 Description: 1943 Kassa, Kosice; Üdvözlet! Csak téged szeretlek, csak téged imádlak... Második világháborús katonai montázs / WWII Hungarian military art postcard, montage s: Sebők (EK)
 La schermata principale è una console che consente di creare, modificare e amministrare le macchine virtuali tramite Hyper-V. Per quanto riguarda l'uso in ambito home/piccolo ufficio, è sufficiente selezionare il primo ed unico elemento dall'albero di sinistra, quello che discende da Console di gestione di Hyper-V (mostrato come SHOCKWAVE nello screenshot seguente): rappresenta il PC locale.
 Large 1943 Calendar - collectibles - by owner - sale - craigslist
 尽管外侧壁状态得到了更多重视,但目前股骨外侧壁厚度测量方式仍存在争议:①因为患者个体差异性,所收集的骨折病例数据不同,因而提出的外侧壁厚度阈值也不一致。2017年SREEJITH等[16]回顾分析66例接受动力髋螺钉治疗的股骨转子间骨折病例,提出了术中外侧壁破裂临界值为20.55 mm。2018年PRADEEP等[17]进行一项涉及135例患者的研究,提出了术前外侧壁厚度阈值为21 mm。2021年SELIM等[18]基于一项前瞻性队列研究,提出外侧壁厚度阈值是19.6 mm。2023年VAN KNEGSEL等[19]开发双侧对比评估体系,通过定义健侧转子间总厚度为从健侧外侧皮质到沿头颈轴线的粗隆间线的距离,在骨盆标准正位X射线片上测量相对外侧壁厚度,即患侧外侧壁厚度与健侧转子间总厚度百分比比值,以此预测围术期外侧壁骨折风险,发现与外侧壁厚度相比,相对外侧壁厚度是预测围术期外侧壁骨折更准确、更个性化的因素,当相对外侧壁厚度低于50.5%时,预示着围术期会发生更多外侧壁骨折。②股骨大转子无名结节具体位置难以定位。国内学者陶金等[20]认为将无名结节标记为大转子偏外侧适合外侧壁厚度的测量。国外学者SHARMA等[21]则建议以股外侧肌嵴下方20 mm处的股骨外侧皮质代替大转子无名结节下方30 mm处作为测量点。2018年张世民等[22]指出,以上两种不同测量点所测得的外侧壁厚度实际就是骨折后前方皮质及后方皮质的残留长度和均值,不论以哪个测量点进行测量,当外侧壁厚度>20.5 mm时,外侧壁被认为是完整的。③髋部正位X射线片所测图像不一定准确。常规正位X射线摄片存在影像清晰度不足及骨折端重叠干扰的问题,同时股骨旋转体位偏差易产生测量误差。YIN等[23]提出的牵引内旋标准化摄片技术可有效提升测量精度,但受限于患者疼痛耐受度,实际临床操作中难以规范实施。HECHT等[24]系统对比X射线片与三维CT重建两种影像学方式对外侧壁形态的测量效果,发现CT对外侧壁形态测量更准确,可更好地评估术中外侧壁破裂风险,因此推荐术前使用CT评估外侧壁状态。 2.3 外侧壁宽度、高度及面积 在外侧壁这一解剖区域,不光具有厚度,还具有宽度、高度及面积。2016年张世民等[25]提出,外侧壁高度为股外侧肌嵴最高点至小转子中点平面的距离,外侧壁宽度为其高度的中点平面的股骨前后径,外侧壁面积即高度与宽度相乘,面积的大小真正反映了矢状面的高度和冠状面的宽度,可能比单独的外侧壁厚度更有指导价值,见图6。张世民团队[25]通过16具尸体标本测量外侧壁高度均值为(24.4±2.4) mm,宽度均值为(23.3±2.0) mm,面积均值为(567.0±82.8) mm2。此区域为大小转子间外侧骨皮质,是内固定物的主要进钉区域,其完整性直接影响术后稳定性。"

#####

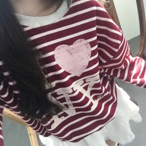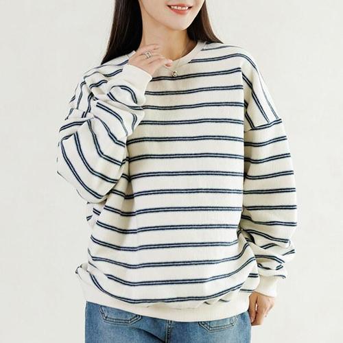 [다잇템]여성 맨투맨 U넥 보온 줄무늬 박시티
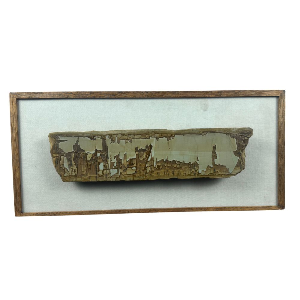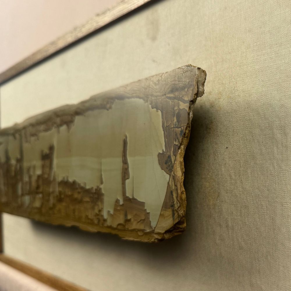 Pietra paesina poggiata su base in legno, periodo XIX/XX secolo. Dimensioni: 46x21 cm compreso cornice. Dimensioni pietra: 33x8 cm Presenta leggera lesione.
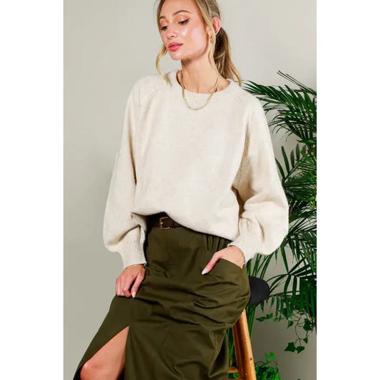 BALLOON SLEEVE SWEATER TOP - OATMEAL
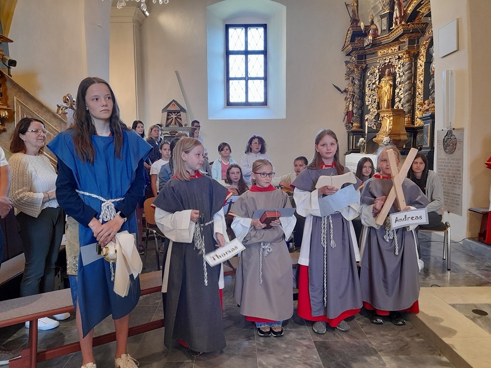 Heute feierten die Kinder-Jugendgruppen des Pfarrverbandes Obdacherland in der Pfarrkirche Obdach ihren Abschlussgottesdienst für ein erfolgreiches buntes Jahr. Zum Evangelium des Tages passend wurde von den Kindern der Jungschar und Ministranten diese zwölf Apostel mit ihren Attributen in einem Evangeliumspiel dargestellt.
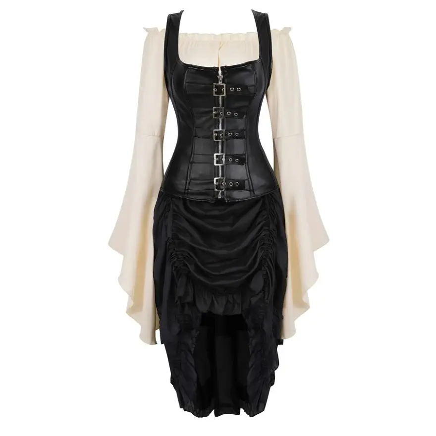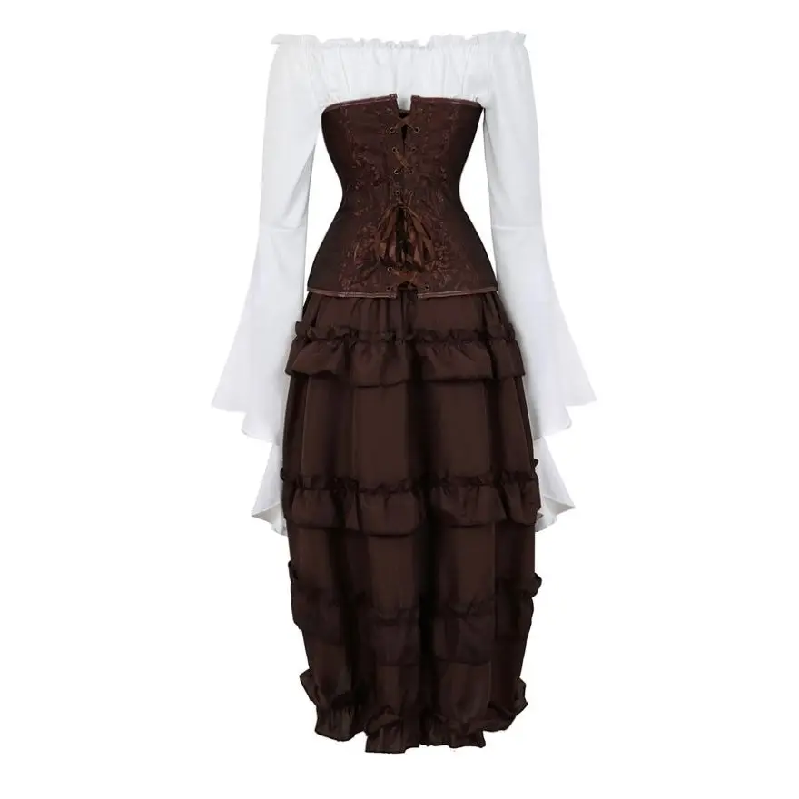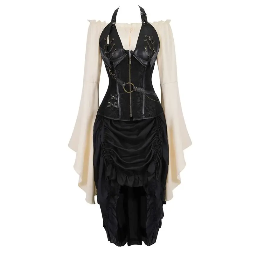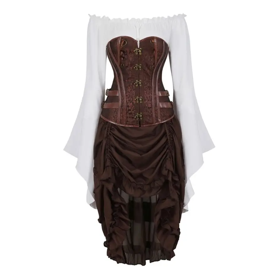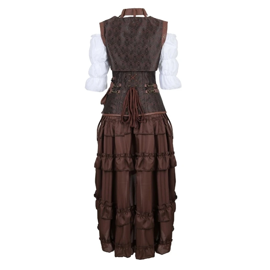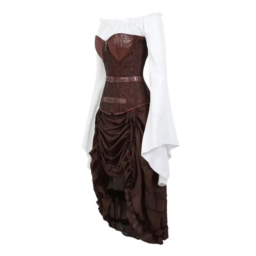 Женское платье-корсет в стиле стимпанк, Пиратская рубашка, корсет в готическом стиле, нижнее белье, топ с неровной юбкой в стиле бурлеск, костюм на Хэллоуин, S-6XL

#####

▶ [What needs to be done]
Copy nothing but the lines above from the one with "BALLOON SLEEVE SWEATER TOP - OATMEAL" to the one with "Женское платье-корсет в", inclusive, word for word. Leave every picture out.

▶ [Output below]
 BALLOON SLEEVE SWEATER TOP - OATMEAL
 Heute feierten die Kinder-Jugendgruppen des Pfarrverbandes Obdacherland in der Pfarrkirche Obdach ihren Abschlussgottesdienst für ein erfolgreiches buntes Jahr. Zum Evangelium des Tages passend wurde von den Kindern der Jungschar und Ministranten diese zwölf Apostel mit ihren Attributen in einem Evangeliumspiel dargestellt.
 Женское платье-корсет в стиле стимпанк, Пиратская рубашка, корсет в готическом стиле, нижнее белье, топ с неровной юбкой в стиле бурлеск, костюм на Хэллоуин, S-6XL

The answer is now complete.